- BRIEF:
Start with the line that holds "Speaking at the". Please copy it and each remaining line below exactly, leaving pictures out.

- MATERIAL SUPPLIED:
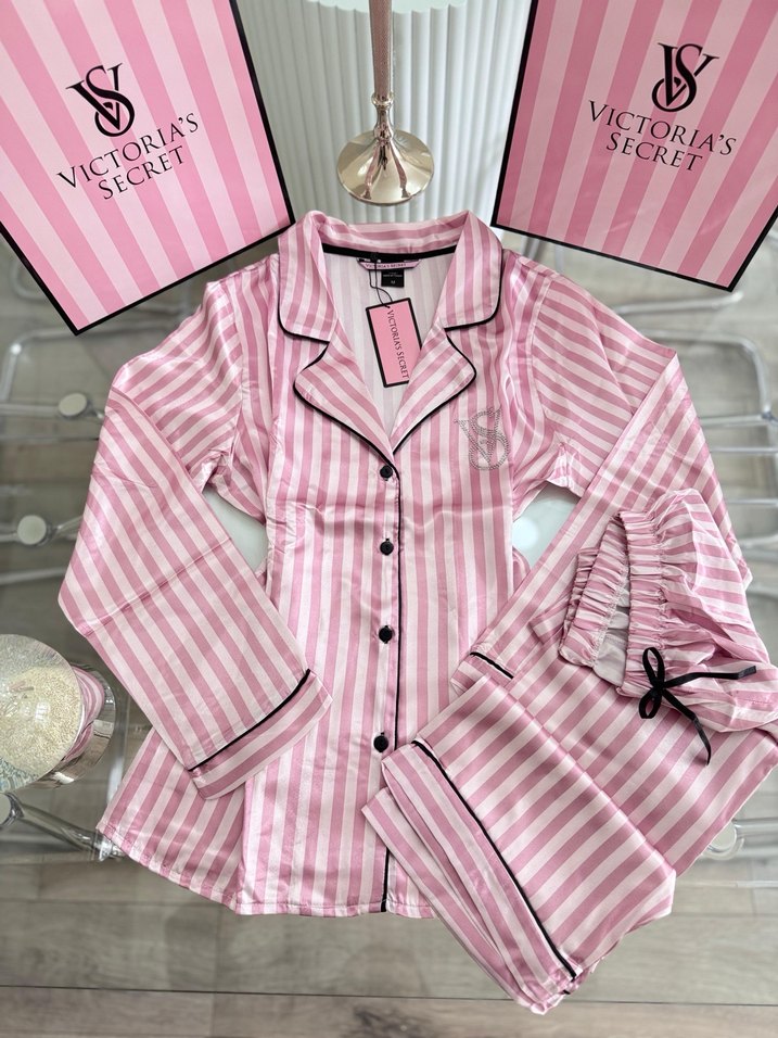 VICTORIA SECRET BASKILI PİJAMA TAKIMI. Sıfır etiketlidir. S, M, L, XL, XXL ve 3XL bedenler mevcuttur. A++ kalitedir. İpek saten kumaştır.
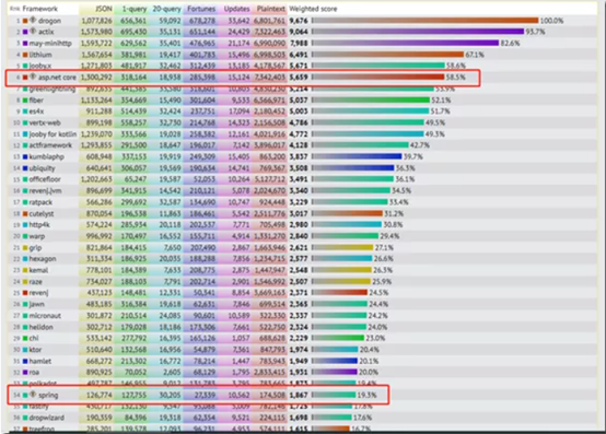 TechEmpower第19轮编程语言框架性能排行榜2020年5月28日正式发布,详见官方博客:https://www.techempower.com/blog/2020/05/28/framework-benchmarks-round-19/,asp.net core排第6名,asp.net 排名倒数第二,第103名, 微软几乎是从倒数一路逆袭到第一(注:主流Web开发框架)。
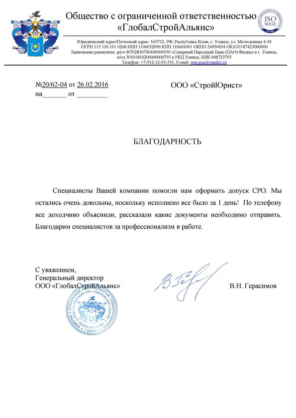 Отзывы клиентов "СтройЮрист" по вступлению в СРО в Анапе
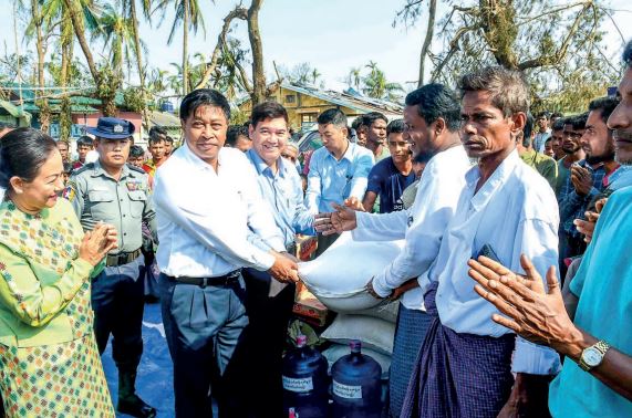 Speaking at the event, the Deputy Prime Minister talked about the cash assistance and relief items to the locals by comforting them in townships of Rakhine State, measures to keep providing rations, medicines, medical supplies, construction materials and commodities, plans to conduct cleaning processes, transportation and electrification in storm-hit areas, to repair the schools, hospitals and monasteries as quickly as possible and to conduct rehabilitation processes in strong momentum in accordance with the directives of the Prime Minister.
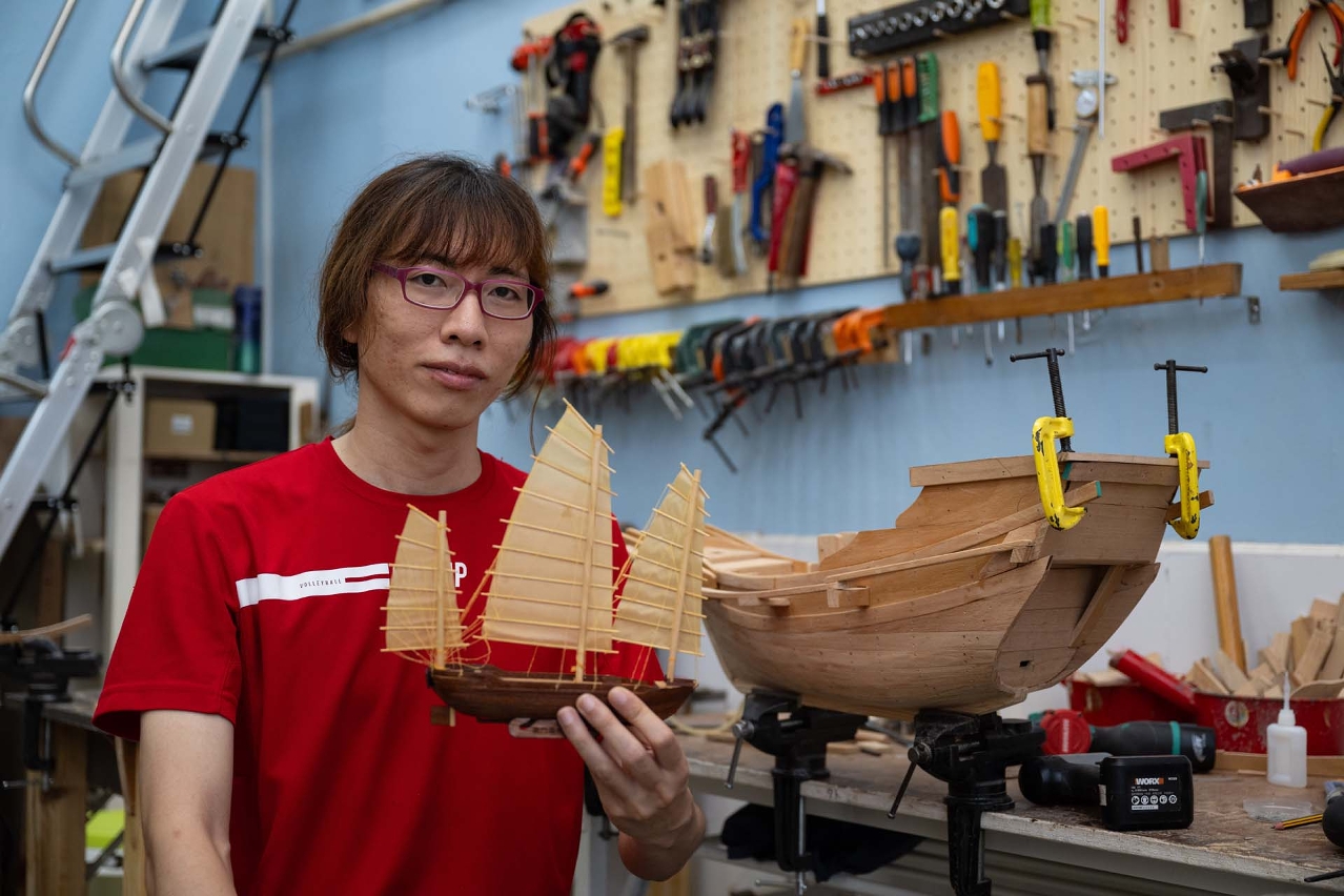 A produção de barcos em miniatura pretende ajudar a preservar práticas e técnicas ligadas à antiga indústria da construção naval de Macau (Foto: Cheong Kam Ka)
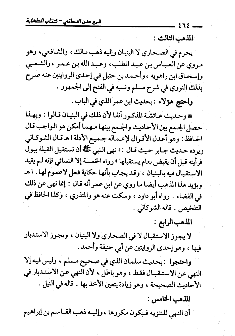 * وحديث عائشة المذكور آنفا لأن ذلك في البنيان قالوا: وبهذا حصل الجمع بين الأحاديث والجمع بينها مهما أمكن هو الواجب قال الحافظ: وهو أعدل الأقوال لإعماله جميع الأدلة اهـ قال الشوكاني ويرده حديث جابر حيث قال: "نهى النبي - صلى الله عليه وسلم - أن نستقبل القبلة ببول فرأيته قبل أن يقبض بعام يستقبلها" رواه الخمسة إلا النسائي فإنه لم يقيد الاستقبال فيه بالبنيان، وقد يجاب بأنها حكاية فعل لا عموم لها. اهـ ويؤيد هذا المذهب أيضا ما روي عن ابن عمر أنه قال: إنما نهى عن ذلك في الفضاء. رواه أبو داود، وسكت عنه هو والمنذري، وكذا الحافظ في التلخيص. قاله الشوكاني.
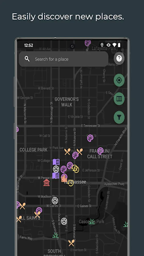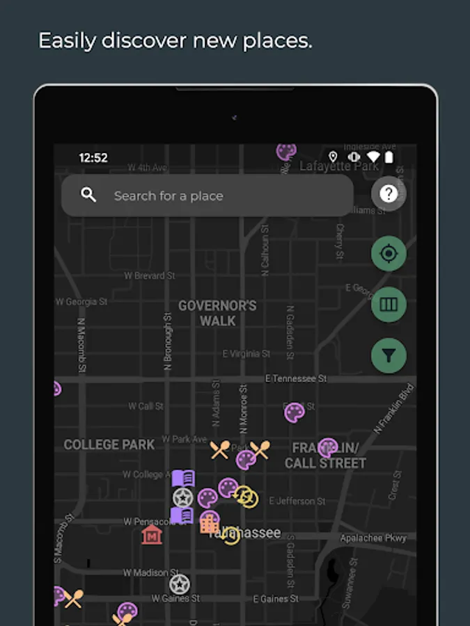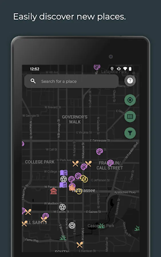 This app creates a space for Tallahassee locals and visitors to discover gems around the city. Using our state of the art mapping features you can discover your favorite places, events, and earn badges by completing Explore! Events.

- RESULT:
 Speaking at the event, the Deputy Prime Minister talked about the cash assistance and relief items to the locals by comforting them in townships of Rakhine State, measures to keep providing rations, medicines, medical supplies, construction materials and commodities, plans to conduct cleaning processes, transportation and electrification in storm-hit areas, to repair the schools, hospitals and monasteries as quickly as possible and to conduct rehabilitation processes in strong momentum in accordance with the directives of the Prime Minister.
 A produção de barcos em miniatura pretende ajudar a preservar práticas e técnicas ligadas à antiga indústria da construção naval de Macau (Foto: Cheong Kam Ka)
 * وحديث عائشة المذكور آنفا لأن ذلك في البنيان قالوا: وبهذا حصل الجمع بين الأحاديث والجمع بينها مهما أمكن هو الواجب قال الحافظ: وهو أعدل الأقوال لإعماله جميع الأدلة اهـ قال الشوكاني ويرده حديث جابر حيث قال: "نهى النبي - صلى الله عليه وسلم - أن نستقبل القبلة ببول فرأيته قبل أن يقبض بعام يستقبلها" رواه الخمسة إلا النسائي فإنه لم يقيد الاستقبال فيه بالبنيان، وقد يجاب بأنها حكاية فعل لا عموم لها. اهـ ويؤيد هذا المذهب أيضا ما روي عن ابن عمر أنه قال: إنما نهى عن ذلك في الفضاء. رواه أبو داود، وسكت عنه هو والمنذري، وكذا الحافظ في التلخيص. قاله الشوكاني.
 This app creates a space for Tallahassee locals and visitors to discover gems around the city. Using our state of the art mapping features you can discover your favorite places, events, and earn badges by completing Explore! Events.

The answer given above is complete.